Генерал нервно забарабанил пальцами по столу и тяжело вздохнул. Весь строй его мыслей, все давно сложившиеся понятия и представления как-то зашатались, словно громадное здание при подземных толчках. Именно на землетрясение походило все то, что делалось вокруг: то там, то тут обнаруживались следы разрушительного действия таинственных могучих сил. Поражения в Бирме, на Индонезийском архипелаге, известия о подтягивании крупных механизированных армий русских к границам Маньчжоу-го, наступательная активность народно-освободительных армий Китая, наконец, англо-американский ультиматум с требованием капитуляции Японии и явная поддержка его русскими — все это как бы стихийно следовало одно за другим, грозовыми тучами заволакивая небо над Японией.
И удивительно: в это же самое время происходит бунт военнопленных китайцев, в гарнизоне появляются прокоммунистические листовки, из рук подполковника Кувахара ускользает опасный русский разведчик, а потом это письмо с угрозами. Будто в самом воздухе появились какие-то болезнетворные бациллы. Невидимые, они шаг за шагом разрушают весь тот крепкий организм, каким представлялась всегда японская армия генералу Цуцуми.
Обо всем этом мрачно думал генерал-майор Цуцуми, сидя у себя в кабинете утром 7 августа, после того как получил письмо Грибанова и вторую за последние три дня совершенно секретную шифровку из императорской ставки. В оскорбительно-формальном, поучительном тоне было написано письмо русского.
«Господин генерал, вы старый солдат и должны знать, что в войне бывают не только победы, но и поражения. Бессмысленно было бы с моей стороны доказывать вам, что японскую армию в конечном счете ждет неминуемый крах. Если вы хоть чуточку разбираетесь в политике, то сами видите все это отлично. В связи с этим я имею кое-что сказать вам со всей категоричностью.
Много преступлений и злодеяний против человечества совершила японская военщина, не мне вам рассказывать о них. Я лишь хочу поставить вас в известность о том, что вам не удалось и уже не удастся скрыть таких злодеяний, как уничтожение военнопленных китайцев и недавнее потопление советского парохода, — злодеяний, к которым причастны не только подполковник Кувахара, капитан второго ранга Такахаси, бывший майор, ныне капитан Кикути, поручик Гото, но и вы лично. Сейчас не без вашего ведома совершается еще одно преступление: подполковник Кувахара под угрозой страшных пыток принуждает четверых советских граждан, спасшихся с потопленного парохода, стать японскими шпионами. Если они не согласятся — их ждет гибель.

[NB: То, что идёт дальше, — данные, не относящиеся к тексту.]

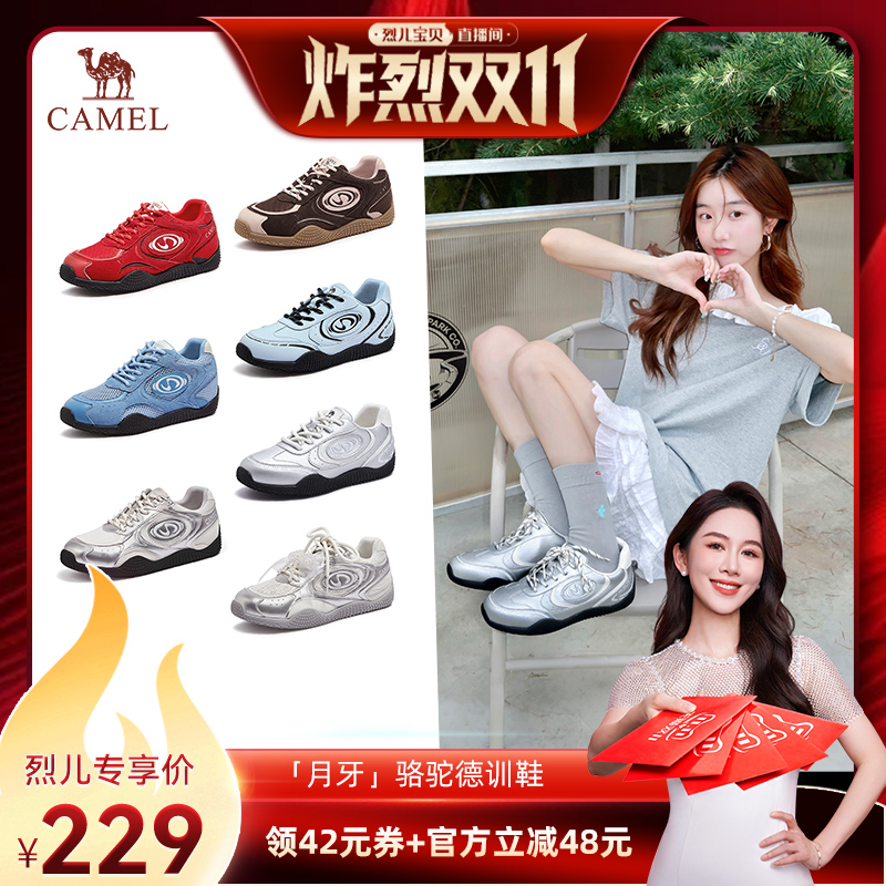骆驼女鞋百搭休闲板鞋复古德训鞋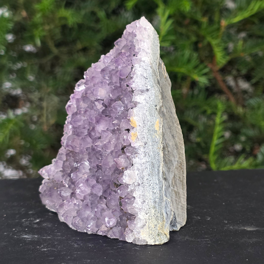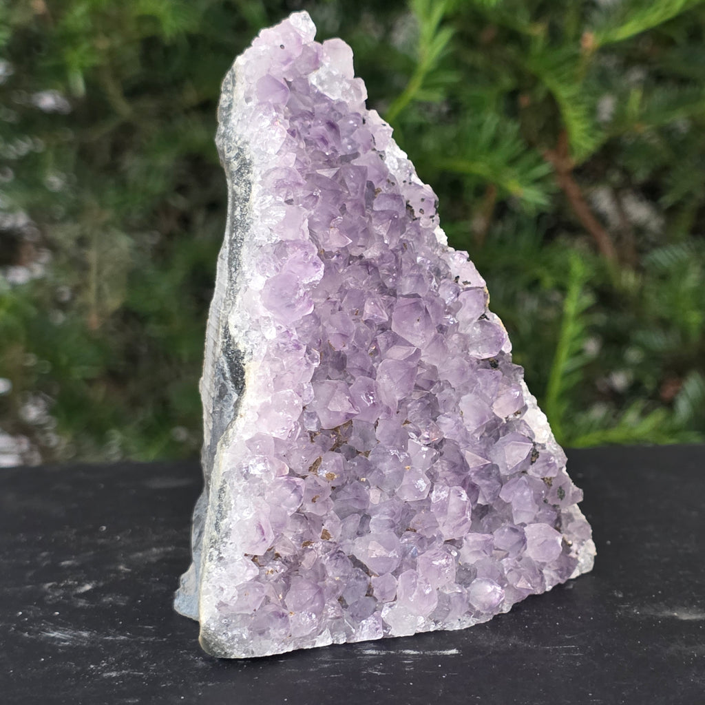 Amethyst kann in der Meditation, als Schmuck oder als natürlicher und eleganter Look für Ihr Zuhause oder Büro verwendet werden. Das Platzieren von Amethyst im Haus verleiht dem Ort Schönheit und kann dazu beitragen, eine beruhigende Atmosphäre zu schaffen, die die Schlafqualität verbessert, wenn er im Schlafzimmer platziert wird.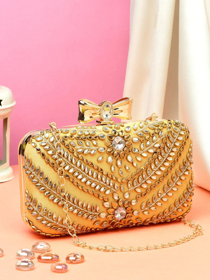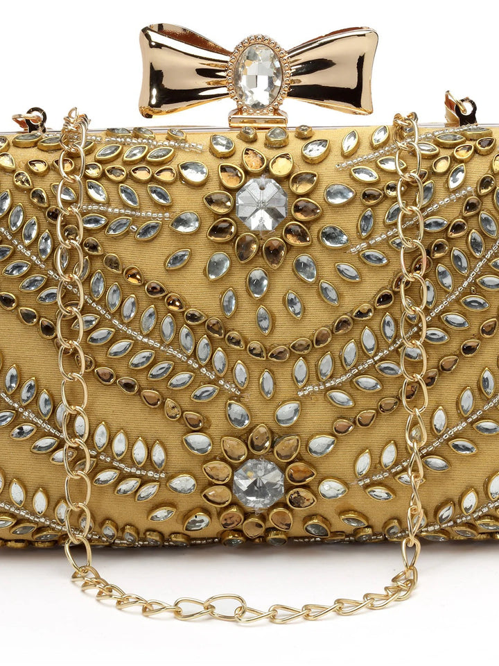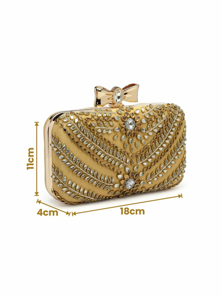 Clutch from Adorn Collection. Crafted with Faux Silk fabric, this Clutch features a Stone Work Embellished Pattern. It has 1 main compartment secured with a Click closure. The Detachable Shoulder strap makes it convenient to carry around everywhere.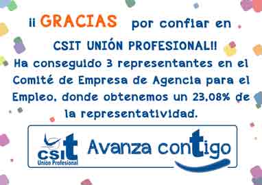Gracias a los votos obtenidos en las elecciones sindicales celebradas en el día de hoy, CSIT UNIÓN PROFESIONAL logra 3 representantes de Comité de Empresa en la Agencia para el Empleo.

Имейте в виду, господин командующий, за это преступление придется отвечать и вам. Пока не поздно — одумайтесь, прекратите эту затею и примите меры к безопасности советских граждан. Этим вы хоть немного искупите свою вину. Ну, а если не одумаетесь, — пеняйте на себя. Майор И. Грибанов».
Бумажку легко выбросить в корзинку, но как отделаться от всего того, что содержится в ней? Откуда все знает этот русский пройдоха?
Опершись локтями на стол и зажав ладонями виски, генерал не спускал застывшего взгляда с этого письма и двух расшифрованных радиограмм, разостланных на столе. В первой шифровке, полученной в воскресенье, под вечер, строжайше приказывалось привести в полную боевую готовность части и подразделения гарнизона острова, расположить их в укреплениях в соответствии с расписанием, применяемым в боевой обстановке, максимально сократить число обслуживающего персонала, а высвободившихся солдат влить в подразделения, находящиеся на наиболее угрожаемых участках. Эта радиограмма и послужила поводом для приказа командующего об отмене операции по прочесыванию острова силами охотников.
Вторая радиограмма, полученная сегодня одновременно с письмом Грибанова, была столько же категорической, сколько и тревожной: подчеркивалась необходимость быть каждую минуту бдительным и готовым ликвидировать или переслать в генеральный штаб особо важные секретные документы и материалы, а подполковника Кувахара назначить командующим укрепрайона, являющегося самым ответственным участком в обороне острова. Вторым пунктом сообщалось, что американской авиацией сброшена на Японию сверхмощная бомба, являющаяся, по-видимому, принципиально новым оружием и причинившая большие разрушения я жертвы, в связи с чем приказывалось усилить наблюдение за воздухом и непрерывно держать в боевой готовности все силы противовоздушной обороны. Наконец третьим пунктом приказывалось немедленно отправить в Японию все подводные лодки и эсминцы.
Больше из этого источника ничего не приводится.